For architectures such as a clustered server configuration, what are the ways to move beyond the limitations of current solutions while keeping current implementations in operation?
Clusters or grids are a fascinating area where typically the objective is to execute compute functions as fast as possible. In many ways, they’re a lot like what happens in the high-performance computing or technical computing space. It’s all about throughput. So anything that can be done to help the existing systems do their work faster is welcomed.
There are hybrid-type architectures to increase acceleration, such as offload engines that can move data through the path faster. They free up resources on core processors to focus on the compute functions and not become the bottleneck for other functions such as the I/O path.
Organizations are constantly looking for ways to create more elasticity in their clusters so that they can grow the cluster fairly uniformly with the output. In other words, as the workload grows, the organization can add resources and see the benefit on the back side. Elasticity and modularity are areas of focus.
Organizations are also focused on investment protection. They are always looking for ways to maximize what they get out of the environment over its life cycle – and they’re willing to invest in that infrastructure to add capabilities and technologies that will actually help these systems run faster and extend the useful life of their investment.
How do you plan and implement this type of latency-improving architecture, and what are the benefits?
In the past, to improve I/O performance and improve latency, datacenter managers looked to using more DRAM memory, short-stroking their hard drives, or striping across multiple HDDs. However, with solid state, flash-based SSDs become highly available and, more important, become cost effective due to advancements in solid state technology. Organizations are now looking at using solid state storage as a latency-improving architecture.
A server-based caching approach with a shared cache pool across multiple servers provides a level of high availability in the form of a data cache. This approach also provides flexibility to the hardware platform, which is key. Organizations want to deploy enhancements to their infrastructure that don’t require any touching of the application or the data itself. They’re looking for things that can be added to the core server, or added to the core storage array, but that don’t require any rewrite of the application. Clearly, anything that can be done in that area will be seen as a huge benefit.
Ultimately it comes down to four key benefits: agility, elasticity, flexibility, and simplicity. It’s about taking an organization’s existing investments and allowing a very seamless upgrade path, which results in accelerating the overall system performance. These benefits extend to applications that historically have been viewed as scalable workloads, such as databases or business process management, versus something that might be happening on a Web site or in the analytic space. But both of those scenarios can benefit from server-side caching.

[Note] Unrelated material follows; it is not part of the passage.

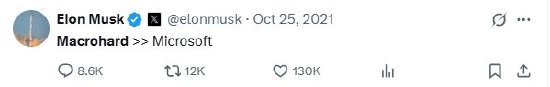 而早在2021年,他发文调侃“Macrohard>>Microsoft(微软)”。据报道,马斯克与微软创始人比尔·盖茨不和,“巨硬”则是对标微软公司名称。

Moreover, when you consider the trends of consolidation, virtualization, and automation, each area has the challenge of trying to get the compute, the storage, and the network to behave better together. Virtual machines, for example, are growing at an incredibly rapid rate, and that growth is putting new kinds of pressure on the datacenter. Organizations are always looking for new ways to accelerate performance while making that migration path simpler to absorb.